Background information
- Origin: Albany, Western Australia, Australia
- Genres: Folk rock
- Years active: 1992–present
- Labels: Outside, Jarrah, Compass, Hummingbird
- Members: see Members list
- Website: thewaifs.com

= The Waifs =

Australian folk rock band

The Waifs (originally styled as The WAiFS) are an Australian folk rock band formed in 1992 by sisters Vikki Thorn (harmonica, guitar, vocals) and Donna Simpson (guitar, vocals) as well as Josh Cunningham (guitar, vocals). Their tour and recording band includes Ben Franz (bass), David Ross Macdonald (drums) and Tony Bourke (keyboard / piano).

The band's 2003 album Up All Night reached the top five of the Australian Albums Chart, achieving double platinum status and winning four ARIA Awards in October. Two further top five albums were issued, Sun Dirt Water in 2007 and Temptation in 2011. The Waifs have three top 50 singles, "London Still" (2002), "Bridal Train" (2004) and "Sun Dirt Water". The band supported Bob Dylan on his 2003 Australian tour and then his 2003 North American tour, including a gig at the Newport Folk Festival.

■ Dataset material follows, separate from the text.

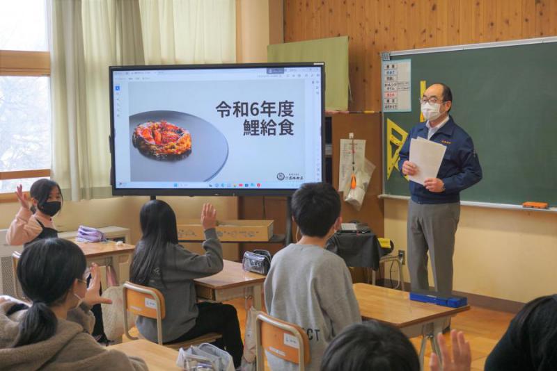 6年生限定でありますが、本日は、致芳地区で営業されている「煖エ鯉屋」さんのご厚意で市内の各学校に提供いただいている「鯉の甘煮」給食の日でした。給食準備の前に、高橋さんから「鯉」に関するお話をお聞きしました。食文化としての鯉料理のこと、上杉鷹山公との関わり、さらには、鯉の養殖が「川鵜」が捕食してしまうことで大変になっていることや鯉料理を食べる機会が減っていること等々、詳しく教えていただきました。さて、実食へ…、初めて食べるという子も少なくなかったようですが、置賜地区の代表的な郷土料理である「鯉の甘煮」をじっくりと味わわせていただきました。6年生にとっては、卒業前の大切な「食の体験活動」となりました。煖エ鯉屋さん、大変ありがとうございました。とても美味しかったです!

The Waifs founded the independent label Jarrah Records in July 2002, co-owned with fellow musician John Butler and their common manager Phil Stevens, which handles their Australian releases.

==History==
===1992–1996: Fisherman's daughters and a farmer's son===
The Waifs formed in August 1992 in Albany, Western Australia, as a folk rock band. The Simpson sisters, Donna and Vikki (now Vikki Thorn), had formed a duo, Colours, in Albany to perform cover versions of Bob Dylan and the Everly Brothers at local pubs. Their father, Jimmy Simpson, was a seasonal salmon fisherman at Cosy Corner beach and had bought Donna her first guitar when she was 15. In February 1992, 20-year-old Donna and her 16-year-old sister Vikki headed off in a Kombi van to tour the state as Colours. Josh Cunningham, a Moruya farmer's son, had started playing guitar in 1987, he was touring Australia playing bass guitar for a band. The Simpsons met 18-year-old Cunningham while Colours were playing twelve-bar blues in Broome. After a ten-minute jam session, Donna invited Cunningham to join Colours, Cunningham later recalled, "there was a connection that Donna felt that I felt as well ... it's always felt very much like a family to me and I felt instantly welcomed into that right from the very start". Upon return to Albany, Colours changed its name to "The Waifs" (initially styled as "The WAiFS") with Cunningham on guitars, ukulele, mandolin, dobro and vocals, Donna on vocals, guitar and tambourine and Vikki on vocals, harmonica and guitar. The Waifs used the Kombi van from 1992 to 1996 to travel to gigs across Australia.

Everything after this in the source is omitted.